Sliding doors can be found in any size and are used for different purposes in real life and so are my LEGO versions. Possible applications can be buildings, train models where sliding doors often are used on freight cars or even bigger machinery like my mining and stripping shovels. The advantage of sliding doors is that they use very little space and therefore you will find them in places where swing doors are unsuitable.

Sliding doors, picture 2

The construction of my LEGO version follows a simple principle. A plate is used as a door and is guided by three rails - a lower and an upper one as well as the inner rail.
The upper rail always consists of plates with door rails of the size 1' x 2' and 1' x 8'. The lower rail can be done in the same way. But there is another possibility if the door shall lead to a balcony or a service platform. Then the rail can be realized with tiles that are part of the platform.
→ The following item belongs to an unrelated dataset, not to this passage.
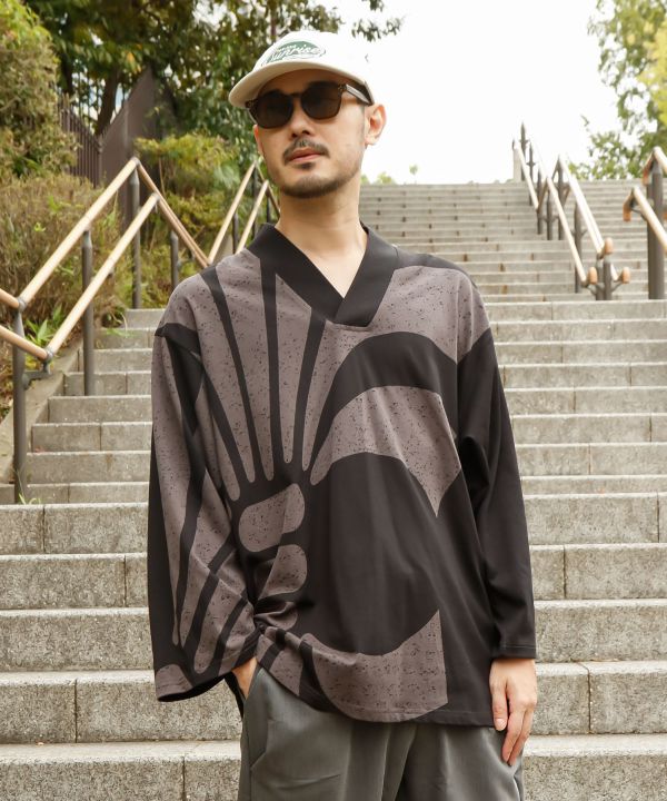 肌ざわりの良いコットン素材を使用したメンズトップス。束ね熨斗(たばねのし)、扇、宝袋など縁起の良い柄を大胆にあしらい、着る人に福を呼び込むような華やかさがあります。合わせ衿のデザインが和装らしさを演出し、ゆったりとしたシルエットで動きやすさも抜群。日常に取り入れやすい和モダンなトップスです。

Always be aware that the length of the rails have to be at least twice the door width minus one stud. You can subtract one stud because the door can't fully open due to the necessity of being guided by the third rail. This means that with an opening of x studs, the door itself can be opened just by x - 1 studs.
This third inner rail is done by a Technic axle that is hold by two Technic bricks of the size 1' x 1' x 1'. These Technic bricks are attached above the door opening so that their lower edge lies on the same level as the upper edge of the door opening. Due to the maximum length of Technic axles of twelve studs, the door width is limited to ten studs. If you like to hold the Technic axle in place with bushes, then the door width is limited to nine studs - when using half bushes - or to eight studs - when using standard bushes. On the axle glides another Technic brick 1' x 1' x 1' upside down which is attached to a headlight holder brick which itself holds the door via a 1' x 2' x 1' inverted slope brick.
I have tested this principle up to a door size of eight by sixteen studs and it still works well. On a wall one stud in thickness you have to add one stud on the inner side for the third rail and about half a stud for the door on the outer side. This means that an eight wide train car with a sliding door on both sides gets just one stud wider.